The LM002 was an unusual departure for Lamborghini which, at the time, was primarily known for high-performance, hand-built, super/sports cars. The LM002 was not the first of its kind to be built by Lamborghini. Two prototype vehicles, the Cheetah and the LM001, paved the way for LM002. Both vehicles used rear-mounted American power plants and were intended for military use, but were not well received. With the idea of using a front mounted Countach V12 to power the LM001 came the next model, the "LM002", which was the first of the three to see actual production by Lamborghini. The LM002 is part of a series of vehicles, the Lamborghini Militaria.
It was finally determined that the engine being mounted in the rear caused too many unfavourable handling characteristics in an offroad vehicle, and the LMA002 was built with an entirely new chassis, moving the engine (now the V12 out of the Lamborghini Countach) to the front.
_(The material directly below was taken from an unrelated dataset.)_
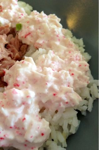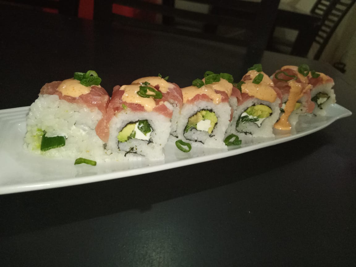 Por dentro: queso, aguacate y cebollín. Por fuera: atún servido con salsa spaicy y cebollín.

After much testing and altering of the prototype, it was finally given a serial number and became the first LM002. The production model was unveiled at the Brussels Auto Show in 1986. It was dubbed the "Rambo-Lambo". Civilian models were outfitted with a full luxury package, including full leather trim, tinted power windows, air conditioning, and a premium stereo mounted in a roof console. In order to meet the vehicle's tire needs, Lamborghini commissioned Pirelli to create the Pirelli Scorpion tires with custom, run-flat tread designs. These were made specifically for the LM and were offered in two different tread designs, one for mixed use and the other for sand use only. These tires could be run virtually flat without risk and could handle the desert heat, the loading, and the speeds of the LM. The LM002 was fitted with a 169-litre (45 US gal) fuel tank.
For those requiring even more power, the Lamborghini L804 type 7.2 litre marine V12, more commonly found in class 1 offshore powerboats, could be ordered.
Near the end of the LM002's production, Turin-based autoshop owner Salvatore Diomante created a one-off "estate" version by enclosing the back area and raising the roof. This added significantly to the interior room.
On 18 July 2004, at a U.S. military base near Baqubah, members of the American military used an LM002 that had belonged to Uday Hussein to simulate the effects of a car bomb.
An LM002 was also featured in the films Toys (1992) and Fast and Furious (2009).